La presencia de Arenas en Miami, a través del éxodo del Mariel, lo había empujado a percibir los contrastes temporales entre Estados Unidos y Cuba. Basta la llegada de la hora de repartir la comida entre los refugiados acampados en el Orange Bowl para que estos retrocedan a su punto de partida que es a su vez otro tiempo porque
Veinte años bajo la urgencia de la sobrevida, bajo la inseguridad de mantener esa sobrevida, bajo la desconfianza, el escepticismo o la mera burla, ante cualquier promesa que implique asegurarnos la sobrevida, no se olvidan así como así. Por eso, ellos siguen en otro tiempo, —allá—, ahora, llenando jabas de perros calientes y escondiéndolas debajo de la cama (Ibid.299).
Llegado a “tierras de libertad” el tiempo de la isla —el del castrismo todo— se convierte inmediatamente en pasado. Ese pasado es, sin embargo, posterior a otro al que se aferra Miami, el tiempo paradisiaco de la memoria y la nostalgia que se activa en el momento en que la cantante Olga Guillot extiende su voz como una manta sobre los refugiados del Orange Bowl. “Esa voz intentando reconstruir un tiempo, sosteniendo un tiempo, una época, una ciudad, unas noches, una ilusión, que ya sólo existe en el timbre que la emite y en los emocionados que escuchan, existe” (Ibid.300). Es por eso que Miami, a diferencia de Nueva York, es una ciudad heroica porque en ella habita “un pueblo entero” dedicado “a la terca, minuciosa y heroica tarea de reinventar un país” que es lo mismo que reinventar un tiempo que no existe, que sólo existió alguna vez en sus mentes, en sus deseos.

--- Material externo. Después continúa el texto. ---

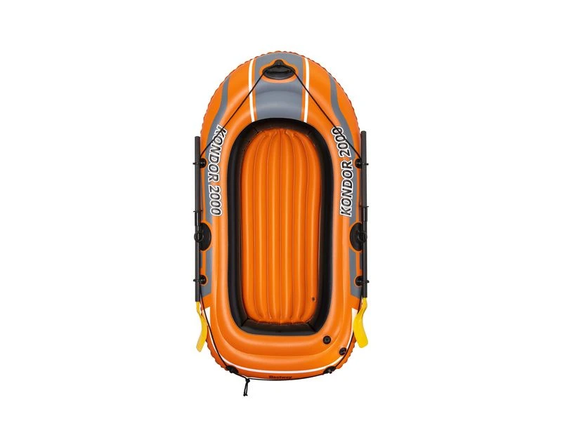 Boot met 3 luchtkamers voor 1 volwassene en 1 kind. Max. gewicht: 120 kg. Snel op te blazen. Rondom een koord, opblaasbare bodem voor extra comfort, sterke handgreep, vaste dollen, een sleepring met sleeplijn en een reparatiepatch. Incl. 1 paar riemen(124 cm) en een voetpomp (13 cm). Afmeting: 188x98x30 cm.
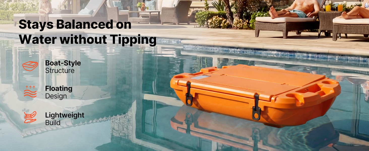 Táto plávajúca chladiaca taška má tvrdú škrupinu v kombinácii s hrubou izoláciou pre dlhotrvajúce chladenie. Je navrhnutá pre vystavenie slnku a vonkajšie použitie a pomáha udržať ľad dlhšie, aby uložené veci zostali studené.

Pero el transcurrir del tiempo de los desterrados es también el de la comprobación de su propia anacronía con el tiempo que lo rodea en la nueva tierra donde viven. El perseguidor de futuros en su patria se hace, ante el vértigo de las nuevas velocidades, súbitamente conservador. (Los hay por supuesto quienes se adaptan muy bien a las nuevas tierras con sus tiempos y velocidades respectivas pero se me hace difícil considerarlos como exiliados: para un verdadero exiliado su tiempo estará siempre en otra parte o más bien en ninguna: un exiliado es alguien que no tiene otro remedio que inventarse su propio tiempo). No obstante ese conservadurismo no se debe sólo al efecto del contraste entre su inercia original y el vértigo de una nueva vida ni a su capacidad —disminuida por la sacudida del cambio— de ajustarse a ella. Para alguien que siente el abandono de su tierra como una suerte de íntima traición hay mejor manera de demostrar su lealtad que rechazando las nuevas nociones del tiempo que se le ofrecen al paso.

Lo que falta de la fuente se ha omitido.